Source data
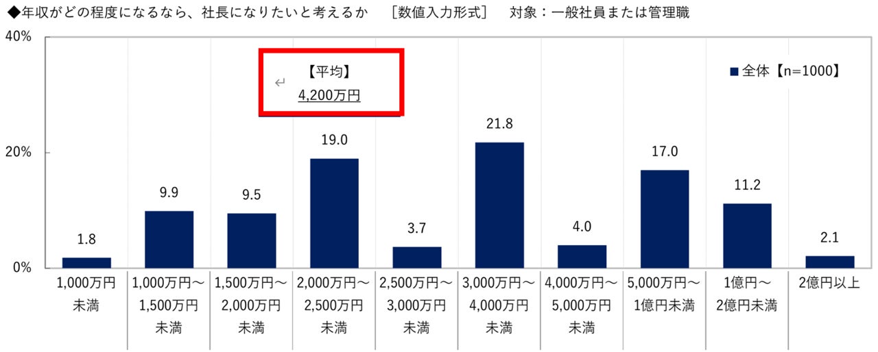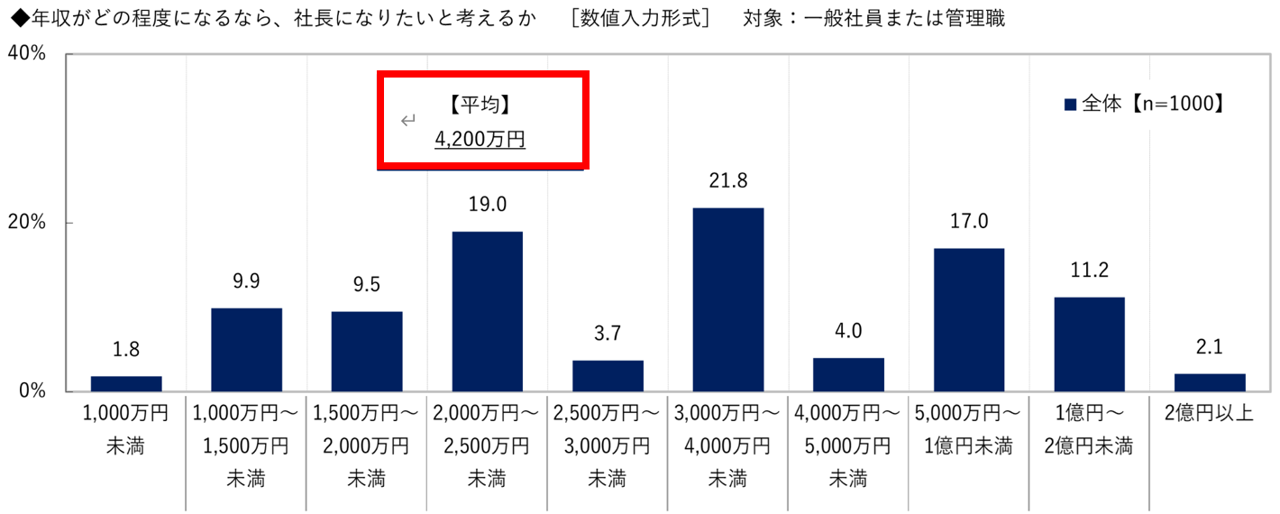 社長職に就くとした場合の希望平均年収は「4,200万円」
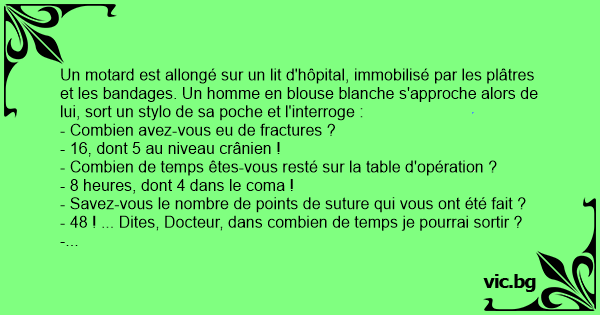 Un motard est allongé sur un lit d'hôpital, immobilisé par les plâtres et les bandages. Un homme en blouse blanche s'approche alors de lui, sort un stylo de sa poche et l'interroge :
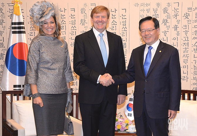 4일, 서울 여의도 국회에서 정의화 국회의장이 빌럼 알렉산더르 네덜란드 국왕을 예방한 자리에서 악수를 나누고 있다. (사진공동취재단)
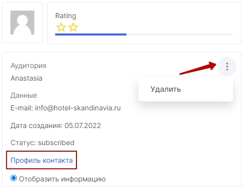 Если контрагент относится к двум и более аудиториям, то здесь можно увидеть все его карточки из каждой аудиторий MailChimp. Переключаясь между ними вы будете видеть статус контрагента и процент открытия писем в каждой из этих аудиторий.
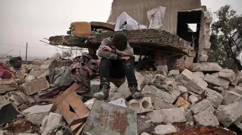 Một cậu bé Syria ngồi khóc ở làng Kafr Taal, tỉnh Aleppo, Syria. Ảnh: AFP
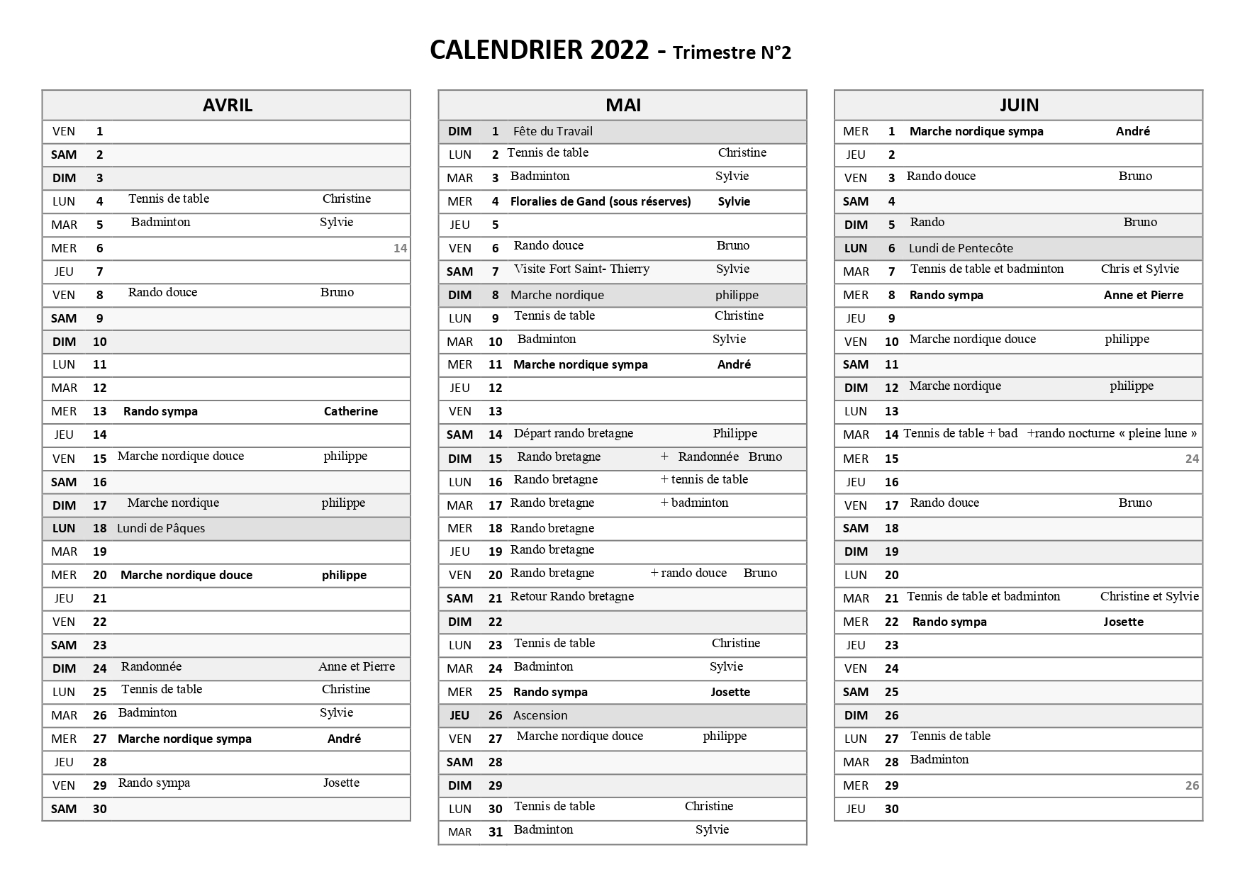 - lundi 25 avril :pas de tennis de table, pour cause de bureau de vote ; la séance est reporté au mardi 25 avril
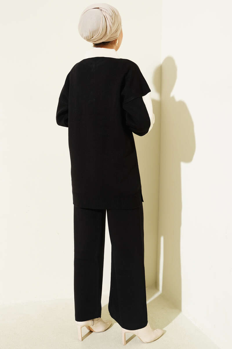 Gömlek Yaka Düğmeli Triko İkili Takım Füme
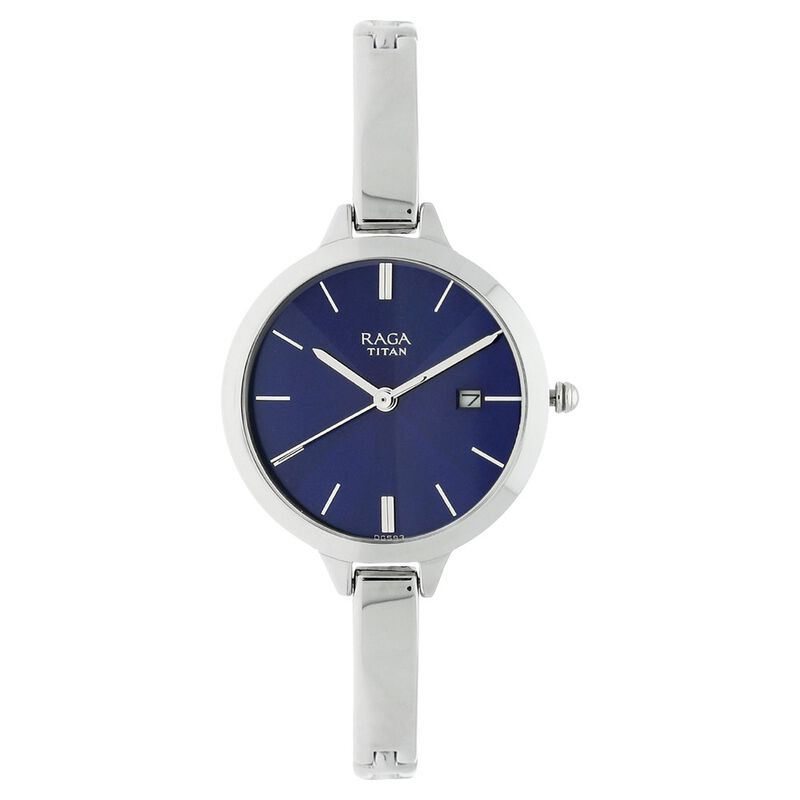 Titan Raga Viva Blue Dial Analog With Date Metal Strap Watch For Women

* _Exercise prompt_
An exact printout of the entries is wanted, covering the first line through the line holding "Если контрагент относится", with pictures kept out of it.

* _Worked solution_
 社長職に就くとした場合の希望平均年収は「4,200万円」
 Un motard est allongé sur un lit d'hôpital, immobilisé par les plâtres et les bandages. Un homme en blouse blanche s'approche alors de lui, sort un stylo de sa poche et l'interroge :
 4일, 서울 여의도 국회에서 정의화 국회의장이 빌럼 알렉산더르 네덜란드 국왕을 예방한 자리에서 악수를 나누고 있다. (사진공동취재단)
 Если контрагент относится к двум и более аудиториям, то здесь можно увидеть все его карточки из каждой аудиторий MailChimp. Переключаясь между ними вы будете видеть статус контрагента и процент открытия писем в каждой из этих аудиторий.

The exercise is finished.